Multiple inheritance is strongly discouraged. This is for the same reason listed in the Google C++ style guide: risk of "diamond" inheritance patterns, which are prone to confusion. If a case is found where avoiding multiple inheritance is unreasonable, all classes involved must initially inherit from the base class object, which governs which multiple inheritance scheme is used.

Use Unicode for Text

In scripts that support Python 2.x (see Python versions), explicitly declare text strings as unicode and binary data as bytes, using u"", unicode(), unichr() and b"", bytes(), byte() respectively. Python 3.x defaults to using Unicode for strings, so this guideline will be removed when support for Python 2 is dropped.

Yes:

  a = u"Hello"  # Unicode constant.
  b = unicode(foo)  # Convert to Unicode.
  c = unichr(c)  # Convert to Unicode.
  d = io.open("bar.txt").read()  # Read text as Unicode.
No:

  a = "Hello"  # Ambiguous (depends on Python version).
  b = str(foo)  # Convert to ascii.
  c = chr(c)  # Convert to ascii.
  d = open("bar.txt").read()  # Read text as ascii.

Refinements

The following refinements we make to the Google Python style guide are largely choices between variations. For example, if the style guide says you may do A, B, or C we may choose to favor B and avoid the other choices.

Indentation

Avoid aligning with opening delimiter. Prefer instead to indent using fixed (4 space) indentation.

(See Indentation in the Google Python style guide for comparison.)

Statements

Avoid creating single line statements, even with if statements.

Yes:

    if foo:
        bar(foo)
No:

    if foo: bar(foo)

(See Statements in the Google Python style guide for comparison.)

Type annotations

In scripts that support Python 2 (see Python versions), type annotations will not be used.
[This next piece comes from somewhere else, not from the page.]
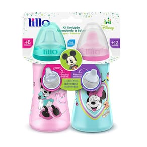 Kit 2 Copos Colors Bico De Silicone Disney Minnie Rosa Lillo

(See Type Annotations in the Google Python style guide for comparison.)

Strings

Prefer double quotes for strings ("). Use single quotes when the declaration is more readable with single quotes. For example, 'The cat said "Meow"' is more readable than "The cat said \\"Meow\\"".

(See Strings in the Google Python style guide for comparison.)

Be consistent

Be consistent within a large scope. Avoid displaying small pockets of consistency within Fuchsia. Being consistent within only a single file or directory is not consistency.

Within third_party, the intent is to follow the existing style for that project or library. Look for a style guide within that library as appropriate.